If you leave an inheritance to someone who has significant financial problems, the inheritance will be available to your beneficiary’s creditors. This may help the beneficiary get back on his or her feet. But if the beneficiary’s circumstances are bad enough, the inheritance may go to his or her creditors, without really benefiting your intended beneficiary.
What options do you have if you are concerned that a child or other person you wish to benefit on your death has financial problems?
Instead of leaving a share of your estate to the beneficiary as an outright gift in your will, you can have your lawyer draft your will to create a trust for the beneficiary. You appoint someone in your will, called a trustee, to hold and manage a share of your estate for the benefit of the beneficiary. In your will, you can give the trustee the power to decide if and when to make payments to the financially troubled beneficiary. This is called a discretionary trust. You will need a provision in your will saying who receives anything left in the trust on the death of the financially troubled beneficiary. You can also allow the trustee to make distributions during the financially troubled beneficiary’s lifetime to other beneficiaries, such as the financially troubled beneficiary’s spouse and children.
The advantage of using a discretionary trust for a financially troubled beneficiary is that funds can be available to assist the beneficiary, without the funds being available to the creditors. For example, your will could contain a provision allowing the trustee to buy a home for the beneficiary to live in. The trustee could register the home in his or her name in trust. Because the home is held in trust, and there are other beneficiaries of the trust, the creditors will not have the right to seize the home.
If is important that the will be drafted well to make sure that a discretionary trust is created. It is also a good idea to make the terms of the trust flexible enough to meet potential changes in circumstances. You might to give the trustee the flexibility to transfer the trust assets to the beneficiary. Then if the beneficiary is able to overcome his or her financially difficulties, the trustee can then transfer the assets, and wind up the trust.
You also need to choose the trustee carefully. The trustee will have responsibilities that could go on for many years. He or she should have the ability to manage funds or other assets, and be sensitive to the needs of the financially troubled beneficiary.

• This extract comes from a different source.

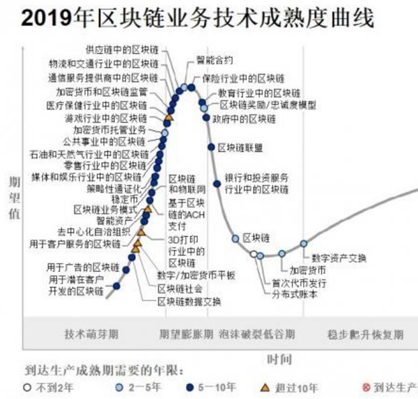 吴忠生老师以高德纳(Gardner)新兴技术成熟度曲线来引入区块链技术。高德纳新兴技术成熟度曲线显示了一个新兴的技术从形成开始,将会经过技术萌芽期、期望膨胀期、泡沫破裂低谷期和稳步爬升期这四个阶段的规律。从这张图中可以看出,区块链技术从形成开始,很快到达期望膨胀期,后又进入泡沫破裂期,现在区块链技术和其中最为成熟的加密数字货币技术已经慢慢走出低谷开始向稳步爬升期发展。

It is also important to consider your whole estate plan, and not just your will. For example, if you name the financially troubled beneficiary as the sole beneficiary of your Registered Retirement Savings Plans, life insurance policies, and put funds in joint accounts with right of survivorship with the financially troubled beneficiary, those assets will be available to the beneficiary’s creditors. There may be little point to having a carefully considered, professionally drawn will with a discretionary trust for the financially troubled beneficiary, if you leave most of your assets outright to that beneficiary outside of your estate.